Der Pfleger, den einige Zeugen als verschlossen und unnahbar bezeichnet hatten, andere als sehr hilfsbereit und zuverlässig, „ist gewissenhaft und korrekt – aber es darf halt nichts Außergewöhnliches passieren“, sagt der Richter in Bezug auf die vom Gutachter attestierte autistische Störung. In einem Job mit Personalmangel und hoher Fluktuation, in dem er in mancher Schicht als einzige Fachkraft für mehr als 70 Menschen zuständig sei – einem „untragbaren Zustand an der Grenze der Menschenwürde“ – sei der Angeklagte am falschen Ort.

Den Todeseintritt infolge der Insulingabe habe der Angeklagte nicht für möglich gehalten und akzeptiert, „er war laut Gutachten zu so einem Kalkül gar nicht fähig“, sagt der Richter. Seine Steuerungsfähigkeit sei erheblich eingeschränkt gewesen. Da er weiterhin eine Gefahr für die Öffentlichkeit darstelle, ordnet das Gericht die Unterbringung an.

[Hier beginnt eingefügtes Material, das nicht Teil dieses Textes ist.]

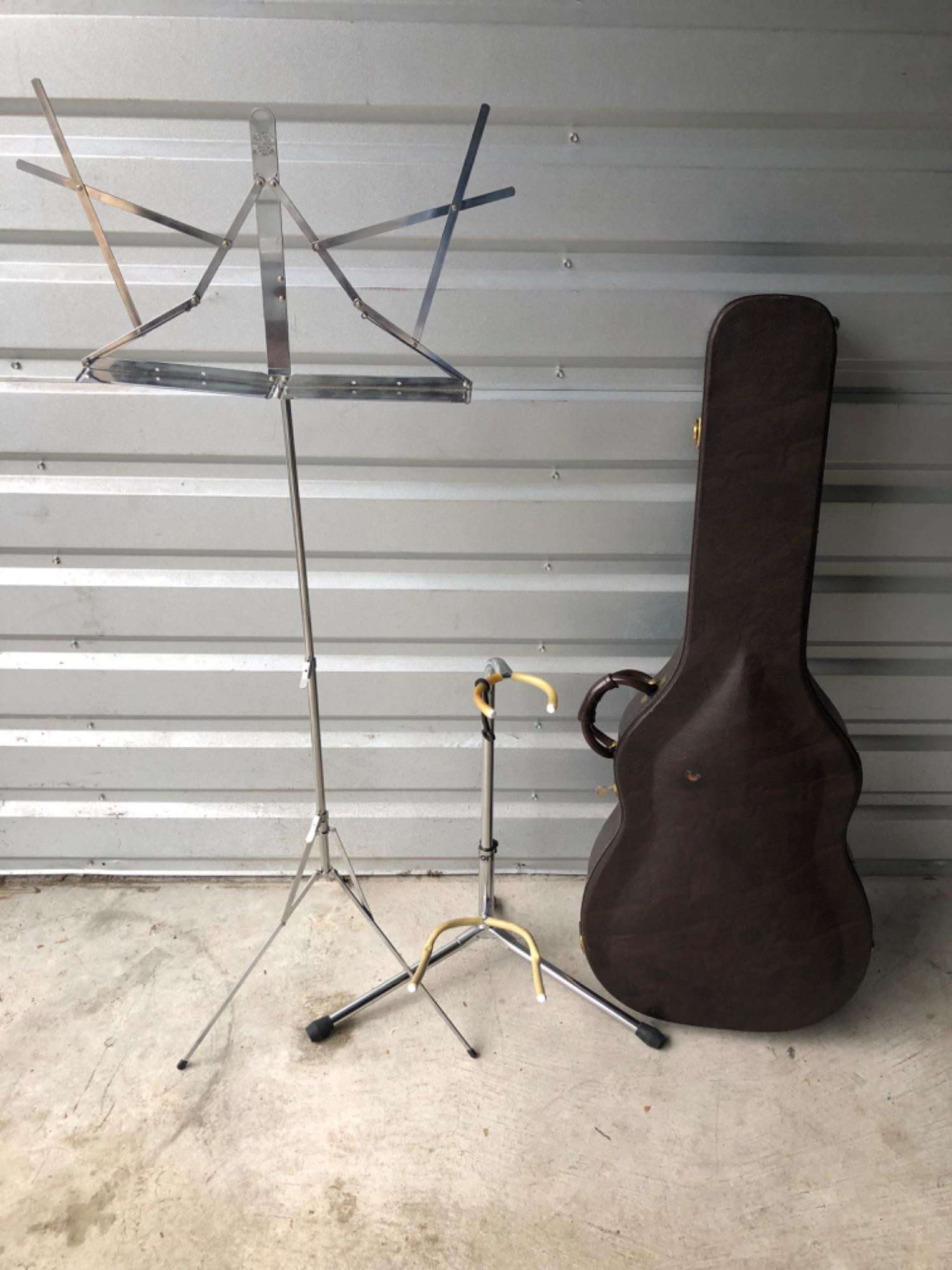 Lot # 20 - Guitar Package - Case - Music Stand - Guitar Stand

Die Strafe bleibt knapp über dem Antrag der Verteidigung, die sechs Jahre wegen Körperverletzung mit Todesfolge und gefährlicher Körperverletzung sowie die Unterbringung beantragt. Der Staatsanwalt hatte angeführt, der Angeklagte habe die Lebensgefährlichkeit der Insulingabe „erkannt und akzeptiert“ und deshalb elf Jahre wegen Mordes und die Unterbringung gefordert. Die Kammer dagegen meint, eine solche Strafe werde „der Täterpersönlichkeit nicht gerecht“.